Westinghouse is hoping to build the first AP300 reactors for commercial use in Slovakia and the United Kingdom.

Read more on Yahoo News: Small modular nuclear reactors: The race is on to actually build them, via Canary Media

Some remain unconvinced


The New Safe Confinement structure over the old sarcophagus covering the damaged fourth reactor at the Chernobyl Nuclear Power Plant in Ukraine in 2021. 
(Gleb Garanich/Reuters)

Yet the new AP300 models have their critics too. Those critics are unconvinced that the new reactor is much of an upgrade over the AP1000 model. So even as the Tennessee Valley Authority is planning to build as many as 20 small reactors, known as BWRX-300, that are similar to the AP300, some are wondering if it wouldn’t just be safer to use the older AP1000 model.

“Why are y’all building four 300-megawatt reactors that haven’t been built anywhere instead of an AP1000?” one regulator wondered.

Others simply believe that the risks of nuclear energy are too great — and that the resources being devoted to building new reactors would be better spent on developing renewable sources.

And though nuclear power doesn’t emit greenhouse gases or other atmospheric pollutants, it leaves behind radioactive waste that most communities want nothing to do with.

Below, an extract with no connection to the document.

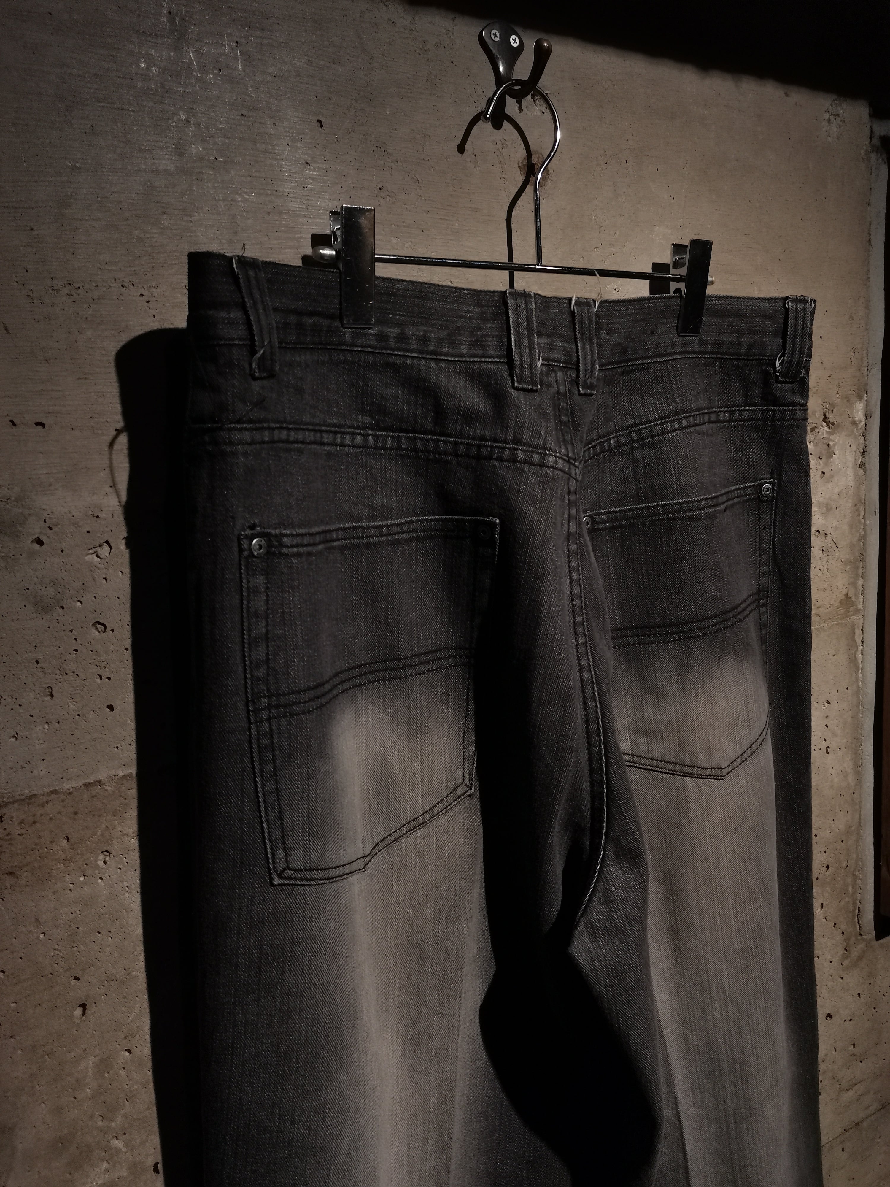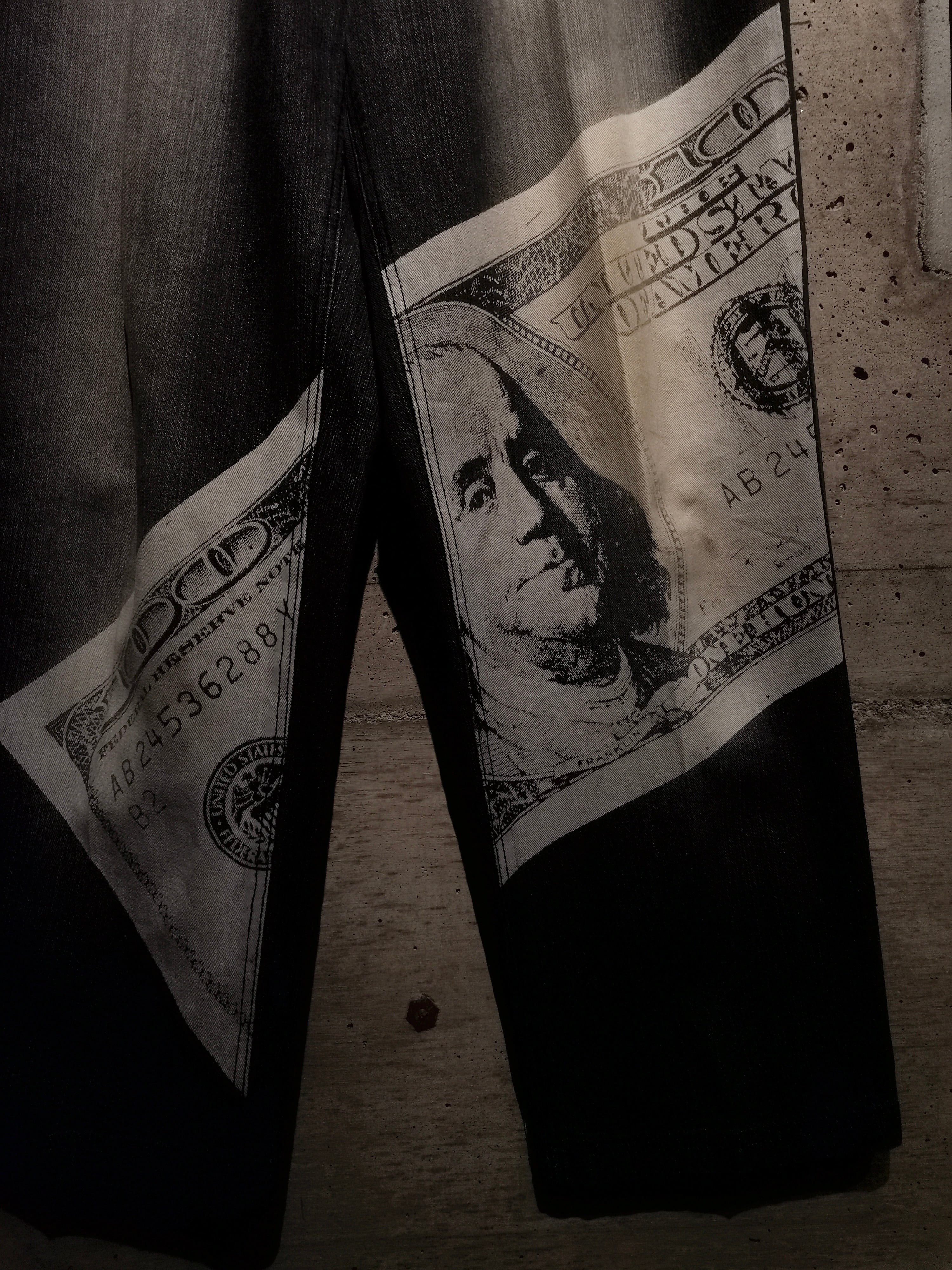 美しくフェードしたブラックデニムのボディに、大胆にドル札のプリントを載せた、"STUB JEANS"のスペシャルなバギーデニムパンツ。

This past spring, Germany shut down its final three reactors, a transition it began after the massive 2011 meltdown at the Fukushima Daiichi nuclear power plant in Japan.

“It is not simply ideological speculation. There is a very real danger that is posed by this power plant and by all nuclear power plants around the world,” one antinuclear German activist said. “And that’s why I think it’s so particularly important that we in Germany manage to phase out nuclear power. Because if we manage to do that, then maybe the other countries will think about what they could do better.”